Palindrome Permutation II

Given a string s, return all the palindromic permutations (without duplicates) of it. Return an empty list if no palindromic permutation could be form.

For example:

Given s = "aabb", return ["abba", "baab"].

Given s = "abc", return [].

First, count the frequency of the each character in the string.

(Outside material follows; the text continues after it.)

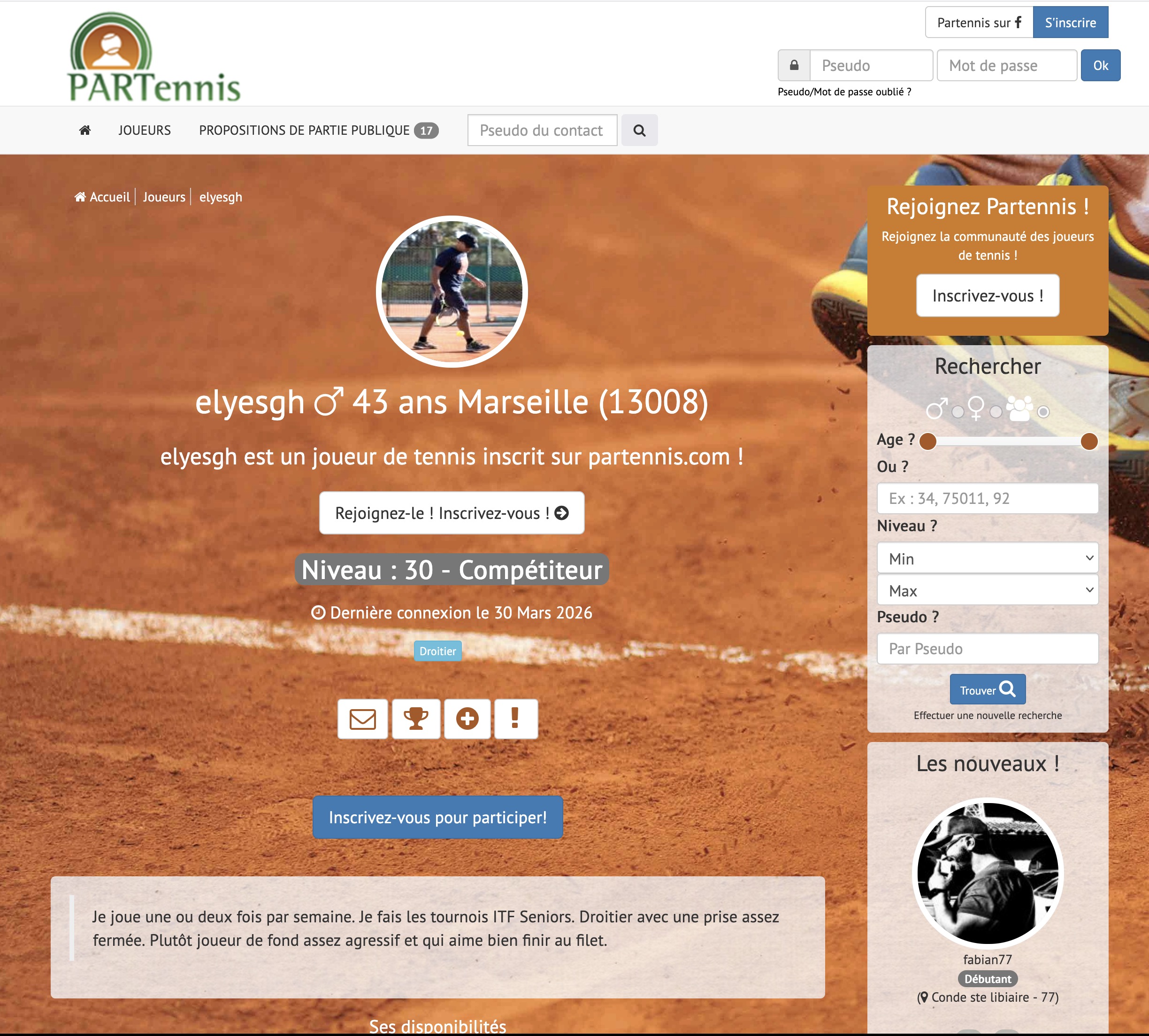 Le site Partennis.com est une plateforme en ligne dédiée aux joueurs de tennis qui souhaitent trouver des partenaires pour jouer.
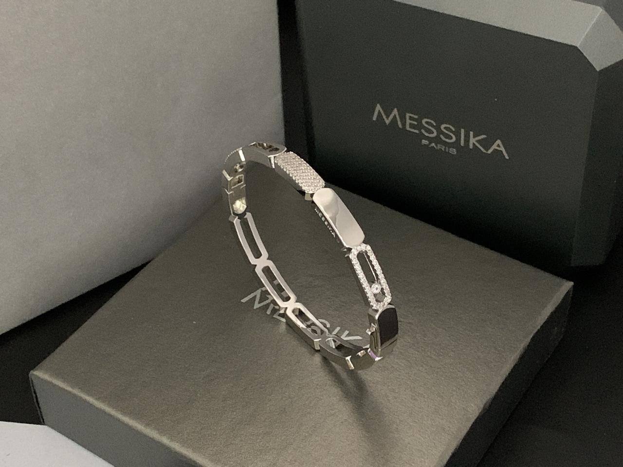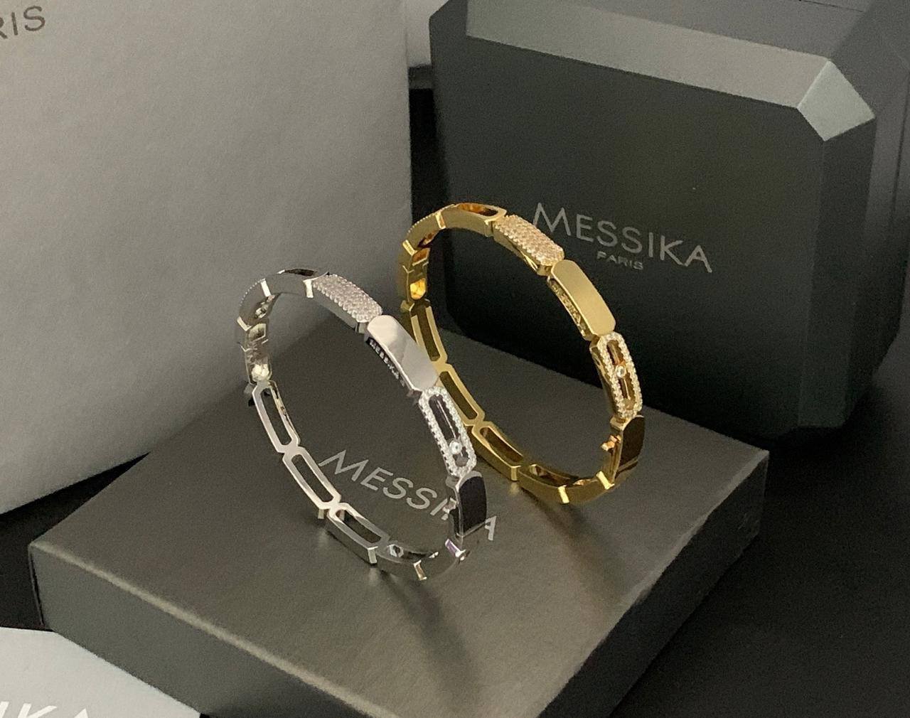 اسوارة بتصميم Move Link بسلسلة هندسية أنيقة ولمسات بافيّه لامعة مع فص متحرك مميز. قطعة فاخرة وخفيفة تناسب اللبس اليومي والسهرة وتضيف بريقًا راقيًا لأي إطلالة.

If there are more than 1 characters whose frequency is odd, it can’t form a palindrome by permutation.

Second, use DFS to construct the palindrome.

class Solution {
public:
    vector<string> generatePalindromes(string s) {
        vector<string> ans;
        string ps;
        unordered_map<char, int> map;
        for(size_t i = 0; i < s.size(); i++){
            if(map.find(s[i]) == map.end()){
                map[s[i]] = 1;
            }
            else{
                map[s[i]]++;
            }
        }
        int count = 0;
        char c;
        for(auto it = map.begin(); it != map.end(); it++){
            if(it->second % 2 == 1){
                count++;
                c = it->first;
            }
        }
        if(count > 1) return ans;//can not form a palindrome
        
        if(count == 1){
            ps.push_back(c);//center of the palindrome string
            map[c]--;
        }
        
        DFS(map, ps, ans);
        return ans;
    }
    
    void DFS(unordered_map<char, int> map, string s, vector<string> & ans){
        int isEnd = true;
        for(auto it = map.begin(); it != map.end(); it++){
            if(it->second > 0) isEnd = false;
        }
        if(isEnd == true){
            ans.push_back(s);
            return ;
        }
        
        //non leaf node of tree
        for(auto it = map.begin(); it != map.end(); it++){
            if(it->second > 0){
                it->second -= 2;
                s.insert(0, 1, it->first);
                s.push_back(it->first);
                DFS(map, s, ans);
                s.erase(0,1);
                s.pop_back();
                it->second += 2;
            }
        }
    }
};